FITs can be broken down into two different models: those with fixed tariffs and those with electricity price-based premiums. In the fixed model, all of a producer's electricity is bought by the government at a predetermined price, independent of inflation, the economy, or the existing electricity market. [6] The price-based model, on the other hand, is also known as a market-based model because the government simply pays a premium over the existing price of electricity once a renewable energy producer sells it. Because firms are not guaranteed to be able to sell their electricity, and the price at which they sell it is not entirely in their control, this method generally garners less investment than a fixed model would. [2,6] That being said, it may work better in decentralized, less regulated grids because producers could choose to supply electricity at times of higher demand, creating more natural market conditions. [6] As a result, even if a fixed model is more reliable in general for spurring investment, the true success of the FIT will have to be determined on a case-by-case basis depending on the jurisdiction.

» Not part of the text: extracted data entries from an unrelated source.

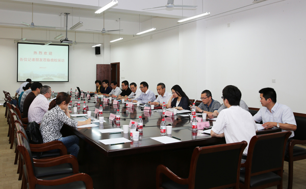 65上午,《人民日报》、新华社、《光明日报》、《经济日报》等十多家媒体来校开展集中采访活动,校领导龚方红、谈向群及党委组织部、党委宣传部、教务处等职能部门和学院负责人在国际交流中心接待了记者一行。
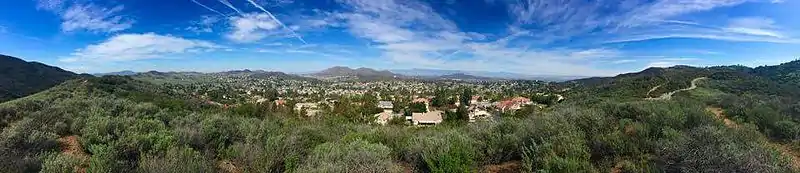 The trails are utilized by hikers, mountain bikers, equestrians, and for jogging or running. It is part of a Southern California wildlife corridor that also links through trails to the Point Mugu State Park and the oceanfront Santa Monica Mountains. Some of the fauna includes the American black bear, Mountain lion, Coyote, Grey fox, Mule deer, Bobcat, Southern Pacific Rattlesnake, Stripe-tailed scorpion, and much more. The flora consists of various Chaparral, Coastal sage scrub, and pockets of oak woodlands. The Los Robles Trail is the main trail in the Deer Ridge Open Space and follows the east-west ridge to the Hope Nature Preserve, and beyond to Thousand Oaks, CA. The trail provides panoramic views of the Santa Monica Mountains to the right, while the high elevation makes for great overlooks of Newbury Park on the left side of the trail. It leads to the 1,600-foot high Angel Vista in the Ventu Park Open Space after transversing the Deer Ridge in southern Newbury Park.[5][6]
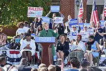 Although Sanders had not formally dropped out of the race, he announced on June 16, 2016, that his main goal in the coming months would be to work with Clinton to defeat Trump in the general election.[113] On July 8, appointees from the Clinton campaign, the Sanders campaign, and the Democratic National Committee negotiated a draft of the party's platform.[114] On July 12, Sanders formally endorsed Clinton at a rally in New Hampshire in which he appeared with her.[115] Sanders then went on to headline 39 campaign rallies on behalf of Clinton in 13 key states.[116]
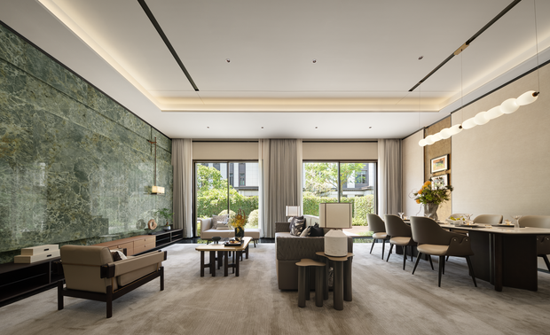 驻足、行走,线条的穿行、凹凸描绘出整个洽谈区空间的动态「洄游」,仿若千变万化的流动云体,丰富了感官与知觉,不仅划分出了酒吧区与休息空间功能,更令空间动线的合理。简洁流动的线条,不同材质的碰撞,千回百转间营造出自然艺术的氛围,宇宙的自然意象幻化成设计语言,入梦、探索、诗意,将时光穿梭的仪式感拉满。 -
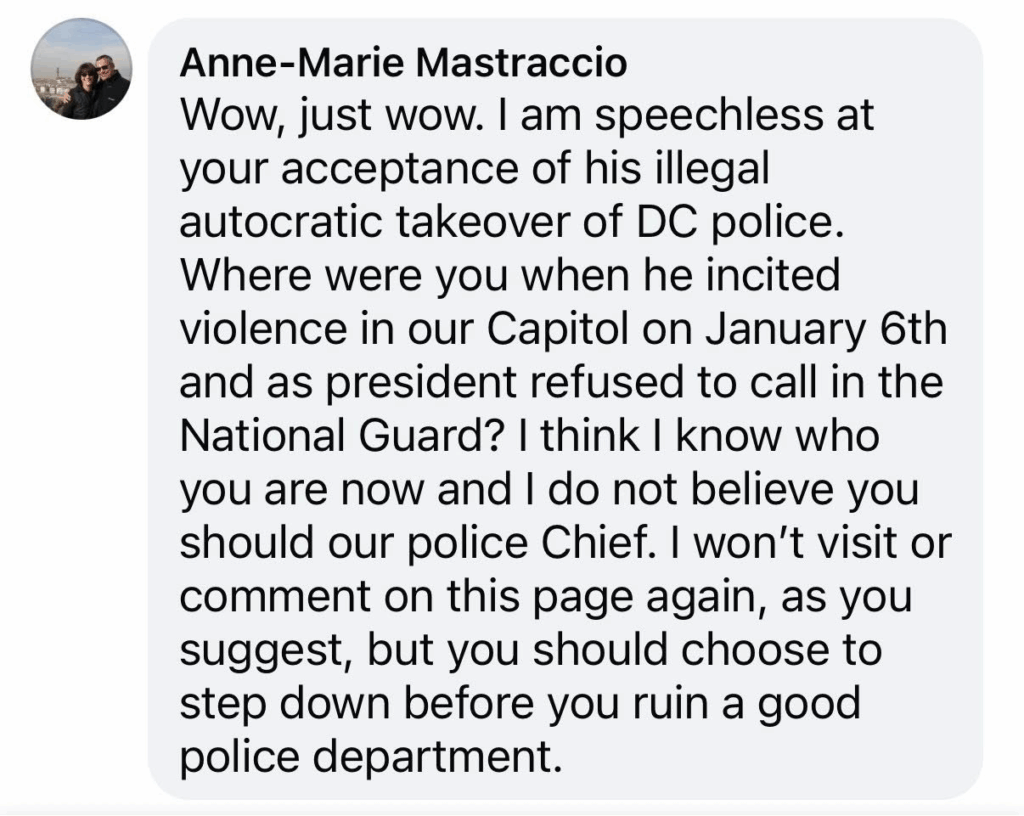 In her other screenshotted comment, Mastraccio criticized Small for supporting President Donald Trump’s use of the National Guard to prevent crime in Washington, D.C., and promised that she would no longer visit his campaign page.

Fixed and market-based models are one of the multitude of debates going on between economists concerning feed-in tariffs. Should there be a ceiling or a floor, as there is in Spain, to make market-based systems less risky for private investors? [2] Should fixed returns on investment be designed to diminish as the FIT progresses, to encourage investors to put money down as quickly as possible? [1] Will Chinese and Indian efforts to integrate auctions into their FITs increase efficiency or decrease competition after contracts are awarded? [2] Many of these questions can only be answered through trial and error, which will gradually refine the feed-in tariff method until it becomes as efficient as possible. No matter what the verdicts of these experiments are, however, it is certain that FITs are a valuable tool in pursuing a greener electricity economy.

© Christopher Barry. The author grants permission to copy, distribute and display this work in unaltered form, with attribution to the author, for noncommercial purposes only. All other rights, including commercial rights, are reserved to the author.

References

[1] S. Alizamir, F. de Vericourt, and P. Sun, "Efficient Feed-In Tariff Policies for Renewable Energy Technologies," Oper. Res. 64 52 (2016).

[2] "A Policymaker's Guide to Feed-in Tariff Policy Design," National Renewable Energy Laboratory, NREL/TP-6A2-44849, July 2010.

[3] "Act on Granting Priority to Renewable Energy Sources," German Federal Ministry for the Environment, Nature Conservation and Nuclear Safety, March 2000.

[4] L. Butler and K. Neuhoff, "Comparison of Feed-in Tariff, Quota and Auction Mechanisms to Support Wind Power Development," Renew. Energy 33, 1854 (2008).

[5] C. Morris and P. Martin, "Energy Transition: The German Energiewende," Heinrich Böll Foundation, (2012).

[6] T. Couture and Y. Gagnon, "An Analysis of Feed-in Tariff Remuneration Models: Implications for Renewable Energy Investment," Energy Policy 38, 955 (2010).

[7] T. Kwon, "Rent and Rent-Seeking in Renewable Energy Support Policies: Feed-in Tariff vs. Renewable Portfolio Standard," Renew. Sustain. Energy Rev. 44, 676 (2015).